18598996. SYSTEMS AND METHODS FOR TEXT-TO-SPEECH SYNTHESIS simplified abstract (Datum Point Labs Inc.)
SYSTEMS AND METHODS FOR TEXT-TO-SPEECH SYNTHESIS
Organization Name
Inventor(s)
SYSTEMS AND METHODS FOR TEXT-TO-SPEECH SYNTHESIS - A simplified explanation of the abstract
This abstract first appeared for US patent application 18598996 titled 'SYSTEMS AND METHODS FOR TEXT-TO-SPEECH SYNTHESIS
The abstract describes a system and method for text to speech synthesis, where the system receives input text, a reference spectrogram, and either an emotion ID or speaker ID. The system then generates vector representations of the input text and reference spectrogram, modifies them based on a combined representation including the emotion or speaker ID, and generates an audio waveform using a decoder.

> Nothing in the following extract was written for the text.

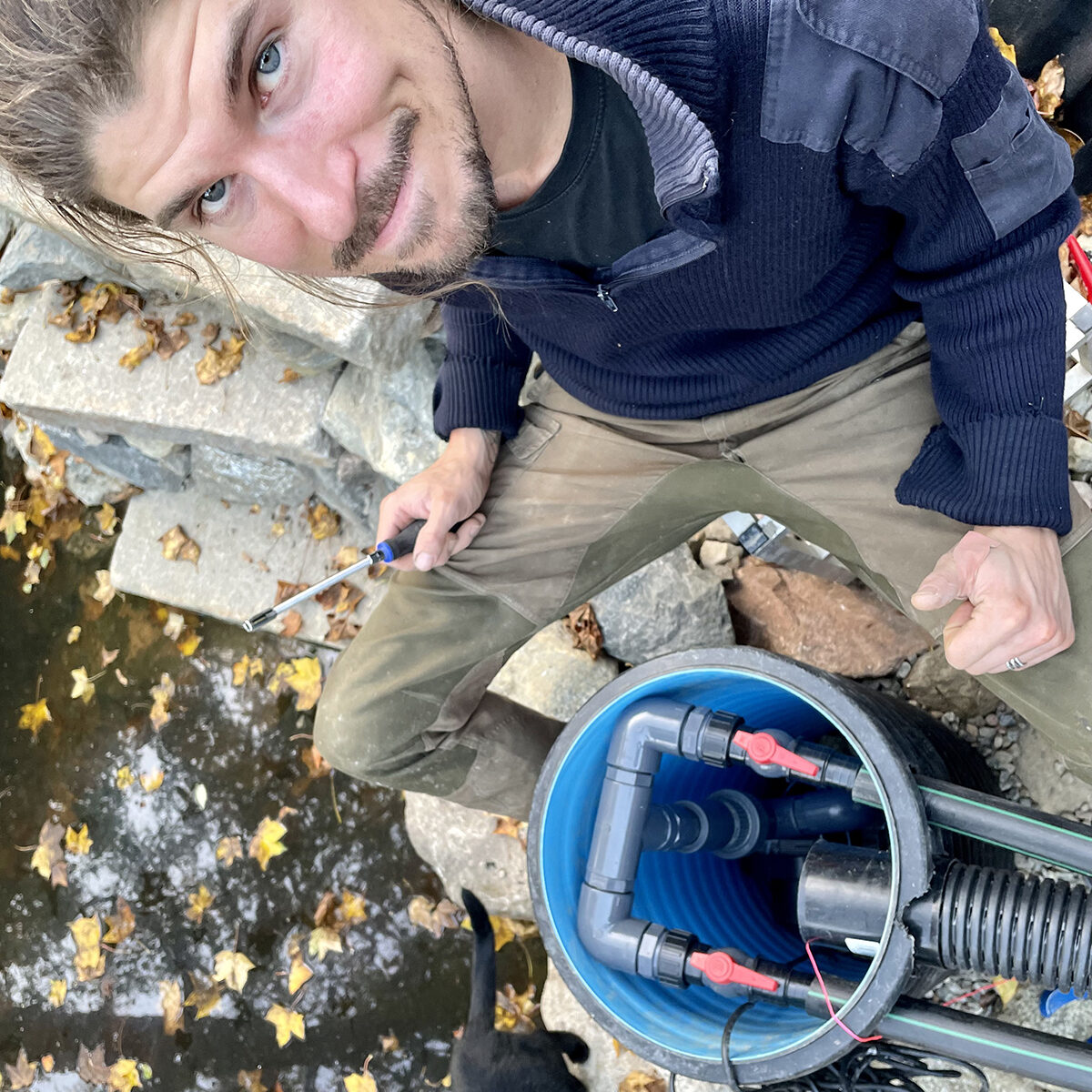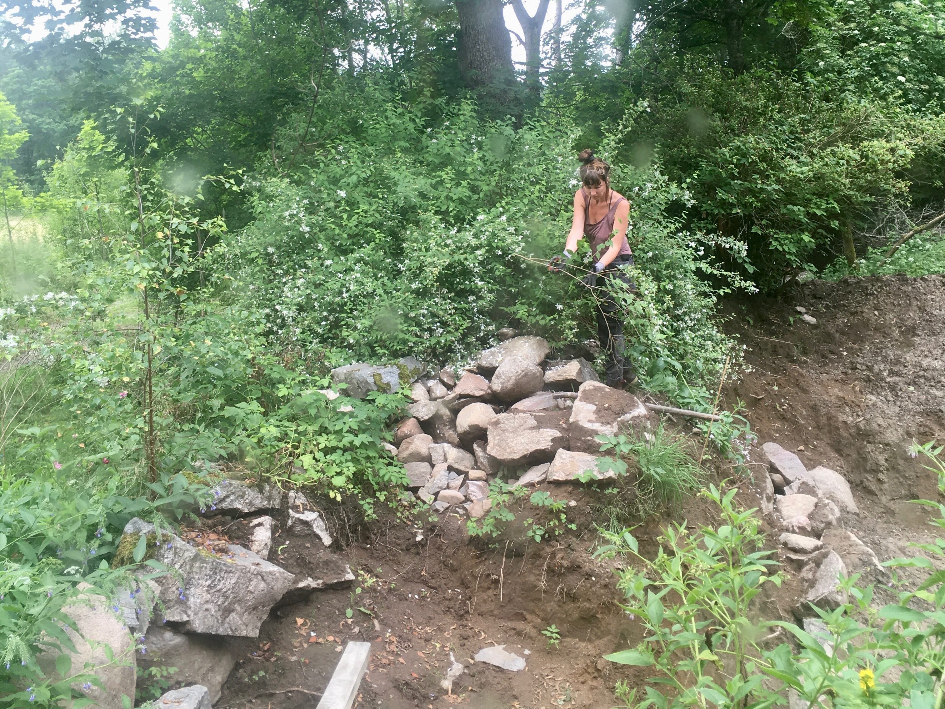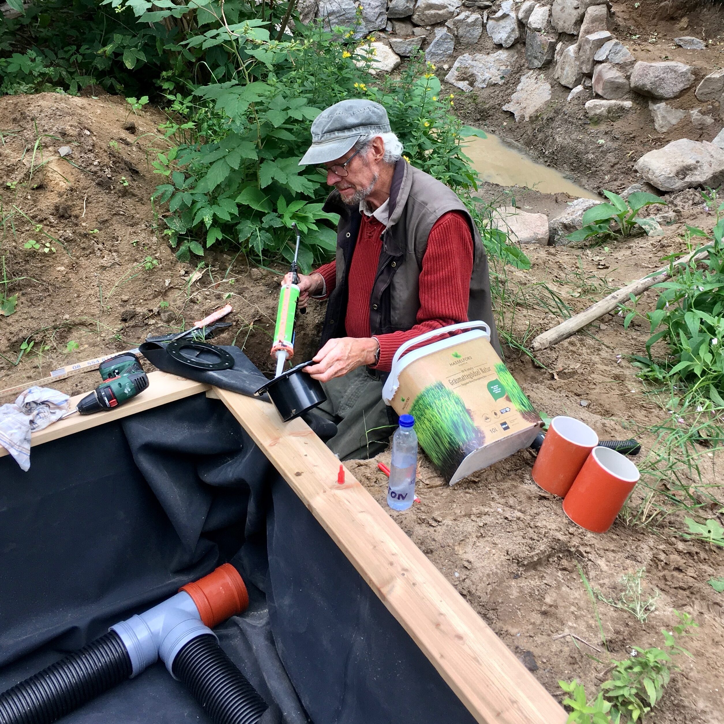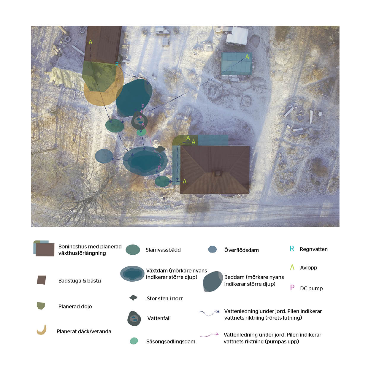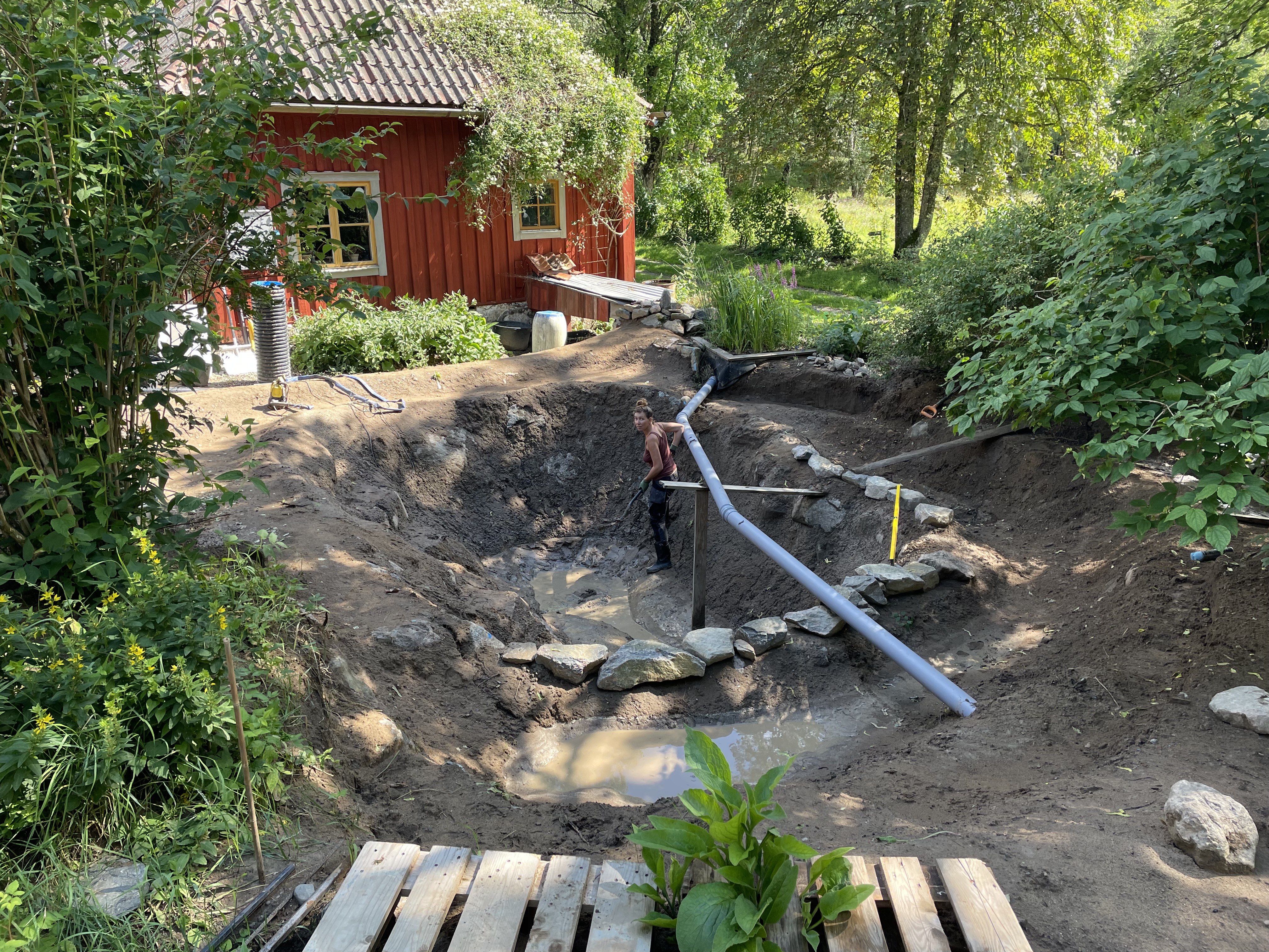 Det här projektet gick ut på att designa och bygga ett levande sötvattensekosystem i en privat trädgård i Nyköpings kommun, i syfte att hantera gråvattnet från bostaden. Systemet innefattar en vassbädd som fungerar som slammavskiljare, ett biodike med växter som ytterligare renar vattnet som kommer ut från vassbädden, två vattenfall och en biodiversitetsdamm. Dammen är byggd så att det blir ett lagom fall från huset, så att vattnet kan transporteras av med hjälp av tyngdkraften. På så vis kan vattnet rinna från huset och genom de olika stegen.

- System and method for text to speech synthesis
- Receives input text, reference spectrogram, and emotion or speaker ID
- Generates vector representations of input text and reference spectrogram
- Modifies representations based on combined representation with emotion or speaker ID
- Generates audio waveform using a decoder
Potential Applications: - Voice assistants - Audio books - Language translation services
Problems Solved: - Enhancing naturalness and expressiveness of synthesized speech - Personalizing speech synthesis based on emotion or speaker ID
Benefits: - Improved user experience - Enhanced communication of emotions through synthesized speech
Commercial Applications: Title: Advanced Text to Speech Synthesis System for Enhanced User Experience This technology can be used in various industries such as: - Customer service - Entertainment - Education
Questions about Text to Speech Synthesis: 1. How does the system generate vector representations of input text and reference spectrogram? The system uses encoders to generate vector representations of the input text and reference spectrogram.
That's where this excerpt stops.